Using the techniques described above and dedicating 2.9 square
inches of thermally enhanced PCB area, the AD8326 in either
package can operate at safe junction temperatures. Figures 12-17
show the above practices in use on the AD8326ARE-EVAL board.
Initial Power-Up

When the supply is first applied to the AD8326, the gain setting
of the amplifier is indeterminate. Therefore, as power is first
applied to the amplifier, the TXEN pin should be held low
(Logic 0), preventing forward signal transmission. After power
has been applied to the amplifier, the gain can be set to the desired
level by following the procedure in the SPI Programming and
Gain Adjustment section. The TXEN pin can then be brought
from Logic 0 to Logic 1, enabling forward signal transmission at
the desired gain level.
Asynchronous Power-Down

The asynchronous TXEN pin is used to place the AD8326 into
“Between Burst” mode while maintaining a differential output
impedance of 75 Ω. Applying Logic 0 to the TXEN pin acti-
vates the on-chip reverse amplifier, providing a 72% reduction
in consumed power.
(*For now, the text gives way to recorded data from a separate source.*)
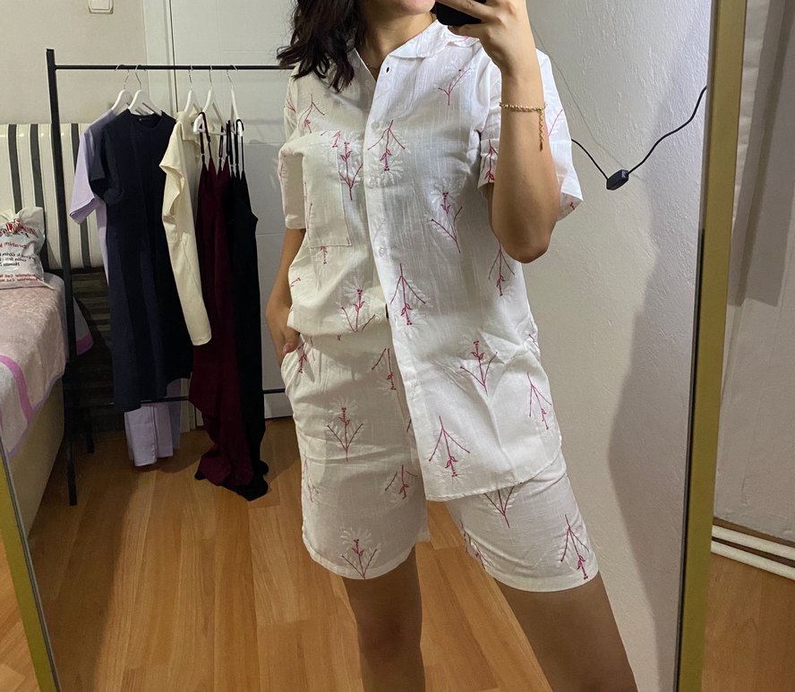 Nakışlı desenlere sahip, düğmeli, kısa kollu, V yakalı, pamuklu beyaz mini kadın tulum. Rahat kesimiyle günlük kullanıma uygundur.
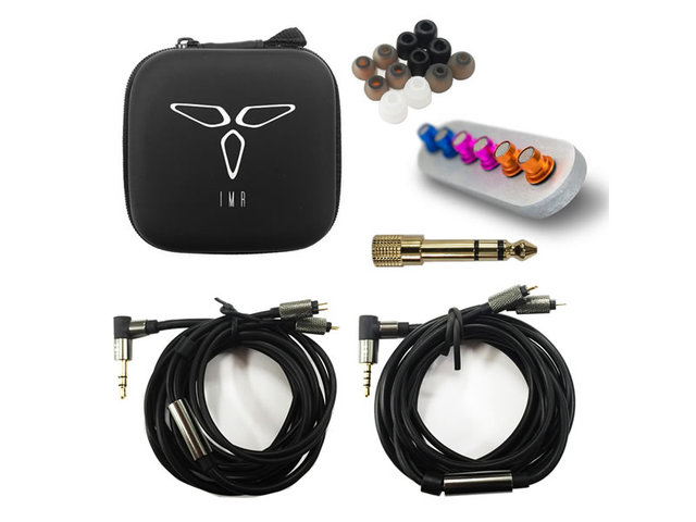 ケーブルはカスタム2pinのデタッチャブル式で、3.5mmバランスケーブルと3.5mmアンバランスケーブルを1本ずつ同梱。6.5mm変換アダプタも付属する。そのほかインピーダンスは32Ωで、感度が108 +/-3dB。
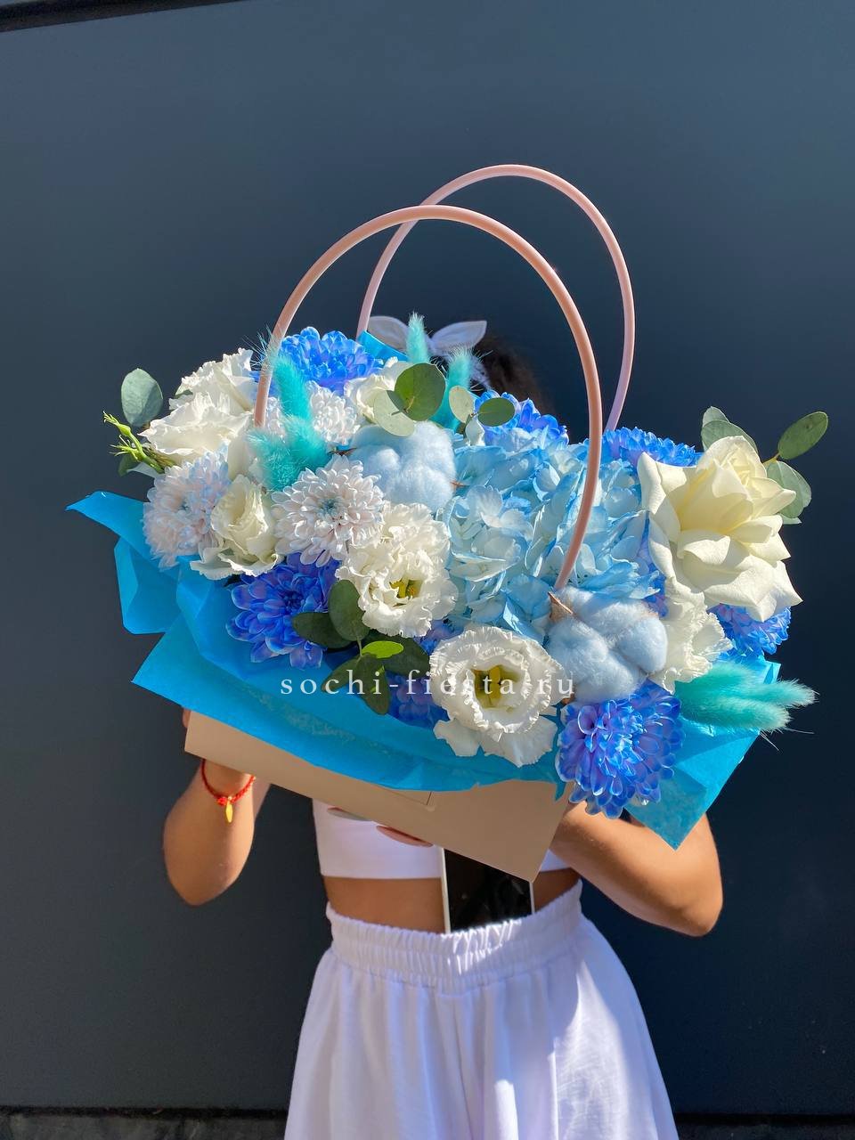 Голубая гортензия задаёт тон всей композиции, где хризантема и эустома создают объём, а хлопок с лагурусом добавляют воздушности. Сумочка вмещает насыщенную палитру без перегруженности.
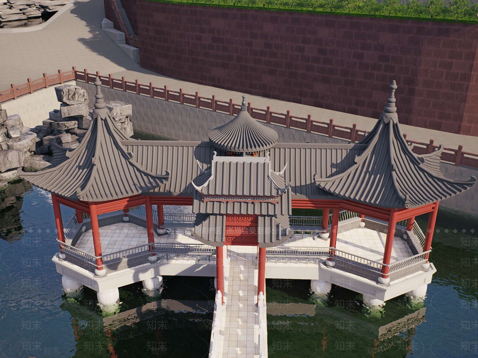 - 新中式古建筑 园林水榭 古典凉亭 休憩亭 景观园林亭子 景亭
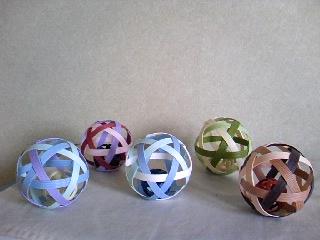 ブログ1周年プレで贈った、エコの毬の作り方を教えて~♪というメッセージを頂いたので、紹介しますね。ちなみに、 ここで紹介する作り方は、私が利用している「紙バンドの色見本のパンフレットに載っていた作品」を見て、とっても綺麗なので、どうやって作るんだろ~???と試行錯誤で作ったやり方です。それから、色見本のパンフレットに載っていた作品の作り方をブログに載せて良いのか?とも思ったんですが、つい先日、書店で立ち読みしていると、エコクラフトの新刊 「和風エコクラフト手芸」 にこの毬の作り方が載っていました。本でも紹介されています。 1.紐は4本取り・15cm (贈った物は、8本取り・30cm) 6本。 1番ラベンダー・2番パステルブルー・3番アイスブルー 4番ラベンダー・5番パステルブルー・6番アイスブルーの順で使います。 紐は予め、丸みを付けておくと丸い形になり易い。これ、ポイント! 2. 1番と2番を組み合わせる。3. 3番をそれぞれ上下、上下、になるようにかみ合わせる。4. 4番(木製ピンチの付いた方)を図の位置に組み合わせる。 5.5番を図の位置に組み、重なる紐は交互に上下、上下、となるよう組み合わせる。 形を整え、星型にする。 6. 6番を図のように組み合わせ、星型の5つの点(ピンチで止めてあるところ)を通って、1週する。 この時、開始位置に6番をあててピンチで止め、丸みを作るように、 手の中に包むように持って作業すると良い。 重なり合う紐は、全て上下、上下となるよう組み替えながら行う。7.1週したら、重なる紐を図のようにピンチで止めておく。 8.6番をボンドで貼る。この時、図のようにカットすると、収まりが良い。 9.同様に、他の紐も貼り合わせていく。 図は、ラベンダーを張り合わせているところ。完成。出来上がり寸法は、直径6cm。 中に小さい毬を入れる時は、5角形の部分を押し広げ、入れる。拙い説明で分かり難いかもしれませんが、参考になると嬉しいです。 話は変わって、先日発送した、私のブログ1周年プレを素敵に紹介して下さってます。↓ ぽこっこさんへの と mao164498さんへの です。こちらもご覧下さいね。
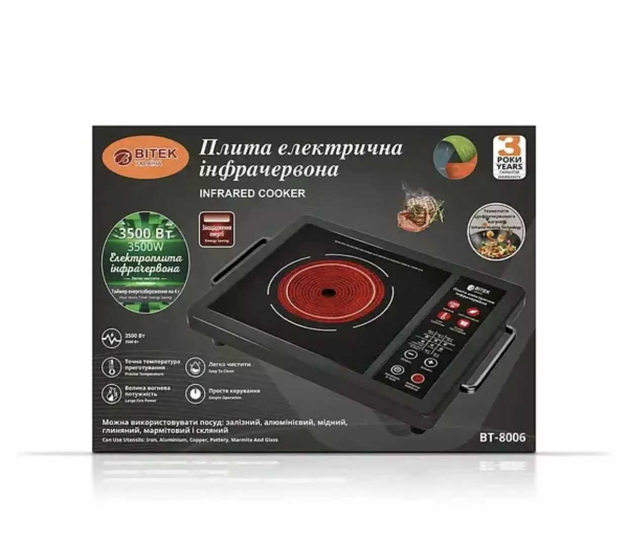Електроплита інфрачервона 1 конфорка BITEK 3500Вт BT-8006/ 6755 (8)
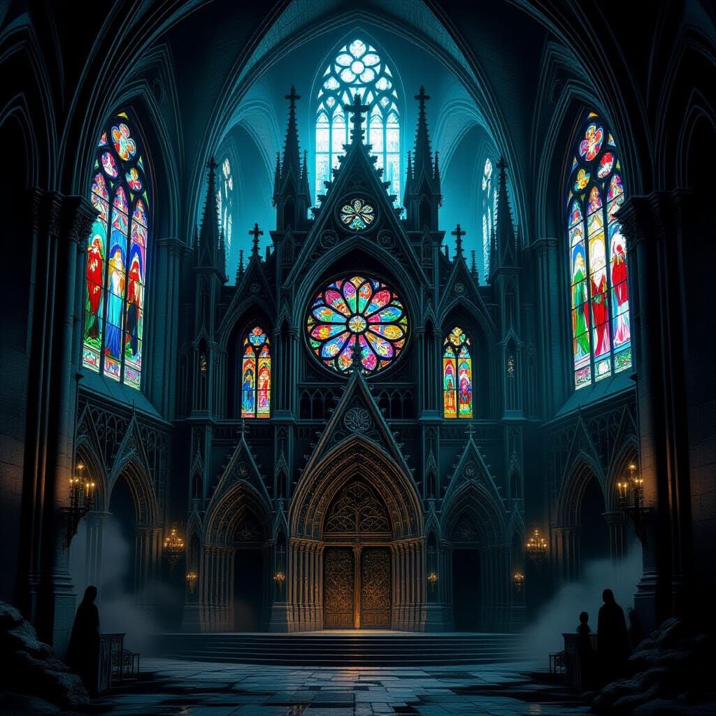 A dramatic Gothic cathedral with intricate carvings and stained glass, rendered in a dark, surreal, and mystical style evocative of biomechanical and dystopian art.
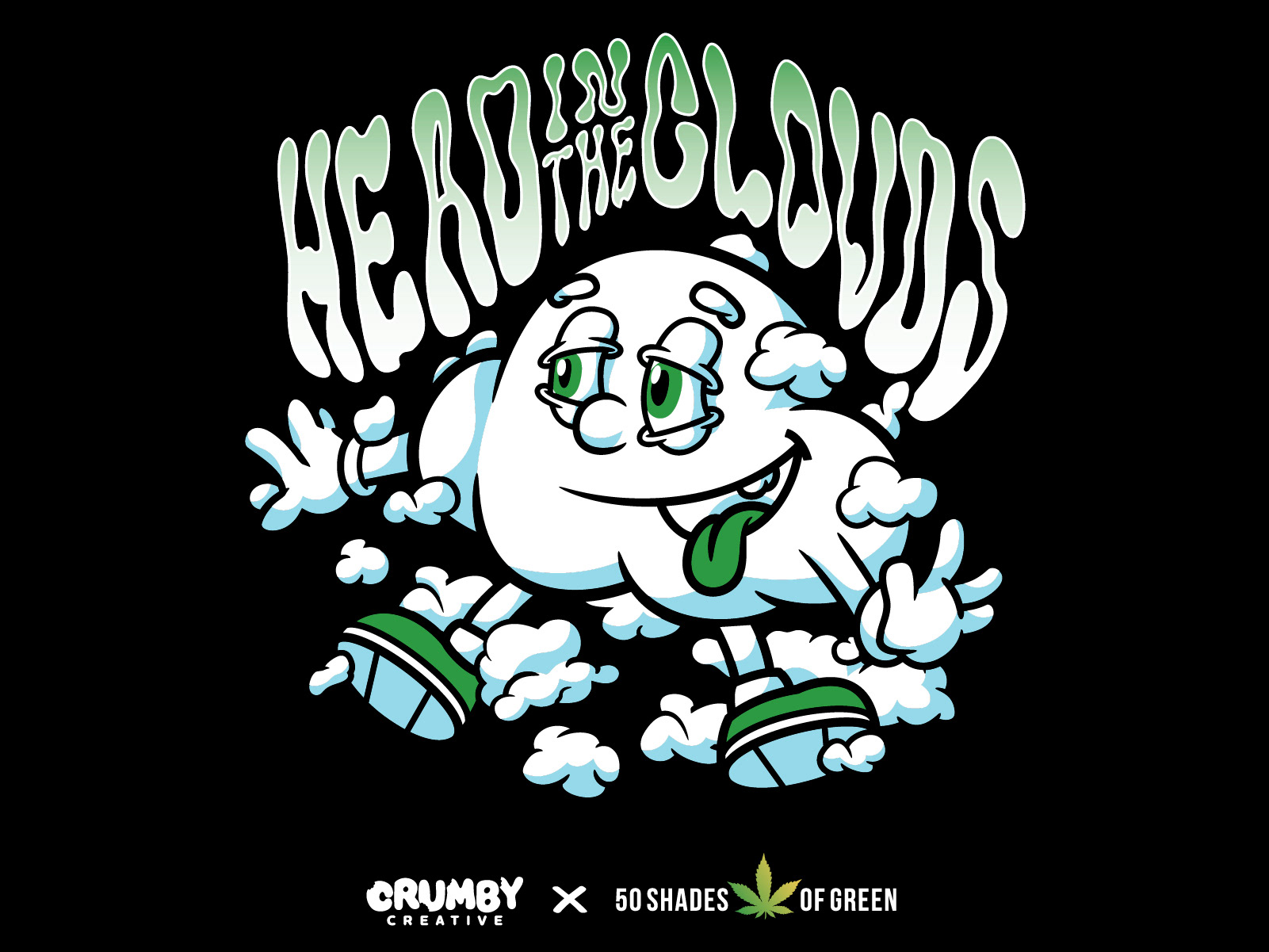 Client / Collaboration: 50 Shades of Green × Crumby Creative Services: Illustration, Character Design, Apparel Design Crumby Creative collaborated with 50 Shades of Green to create an original illustration that blends humor, attitude, and uplifting energy — both literally and figuratively. The concept, “Head in the Clouds,” features a mischievous cloud character brought to life in Crumby Creative’s bold, mascot-driven style. The design combines playful character art with dynamic typography, rendered in a clean, limited color palette of blues and greens to reinforce the lighthearted theme. The exaggerated expression, hand-drawn textures, and vintage-inspired lettering give the piece a nostalgic yet modern feel, ideal for apparel and lifestyle branding. This collaboration highlights Crumby Creative’s signature approach to illustration — fusing storytelling, personality, and style into art that’s equal parts collectible and wearable.
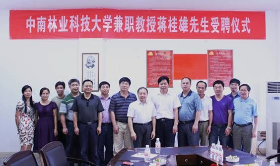 蒋桂雄对受聘为我校兼职教授感到十分荣幸并对广大师生表示感谢,表达了作为一名中南林的毕业生对母校取得的成就感到由衷的自豪。受聘为母校兼职教授后,一定尽职尽责完成使命,同时,广西是一个林业大省,林业经济的发展也离不开母校的支持,希望母校在产学研、人才培养、林业生态建设等方面开展更加深入、更加广泛的合作,实现“双赢”的局面。
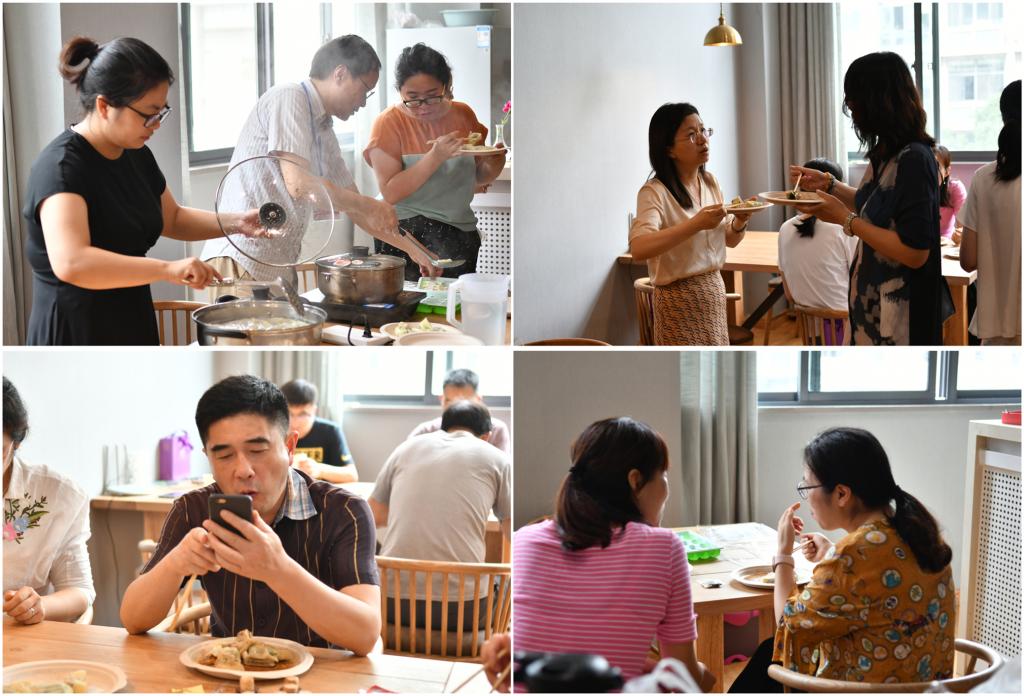 一手勺子、一手漏斗,充满传统美感的醋坛和竹篓在红色水标的映衬下仿佛让人置身深远的民俗记忆。打完陈醋,老师们分成小组煮水饺,享用美食美醋。在这种“慢调”氛围下,老师们分享童年趣事,互述家长里短,讨论热点时政,从紧张的工作中跳脱出来,得到了短暂的放松。
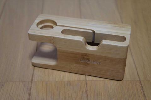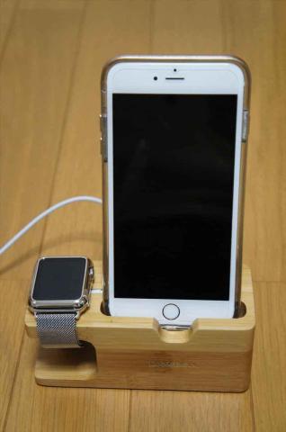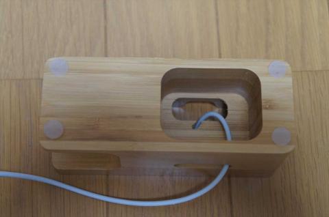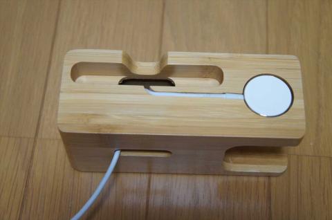 このように、隣にはiPhoneも置くことができます。一応iPhoneスタンドの下には穴が空いているので、Lightningケーブルを通して、iPhoneも充電スタンドにすることは可能です。その場合、充電していない時は、ケーブルを前の凹みに垂らしておくと良いでしょう。

For 12 V operation, the supply current is
typically reduced from 159 mA to 44 mA. In this mode of
operation, between burst noise is minimized and the amplifier
can no longer transmit in the upstream direction. In addition
to the TXEN pin, the AD8326 also incorporates an asynchro-
nous SLEEP pin, which may be used to further reduce the supply current
to approximately 4 mA. Applying Logic 0 to the SLEEP pin
places the amplifier into SLEEP mode. Transitioning into or
out of SLEEP mode will result in a transient voltage at the
output of the amplifier.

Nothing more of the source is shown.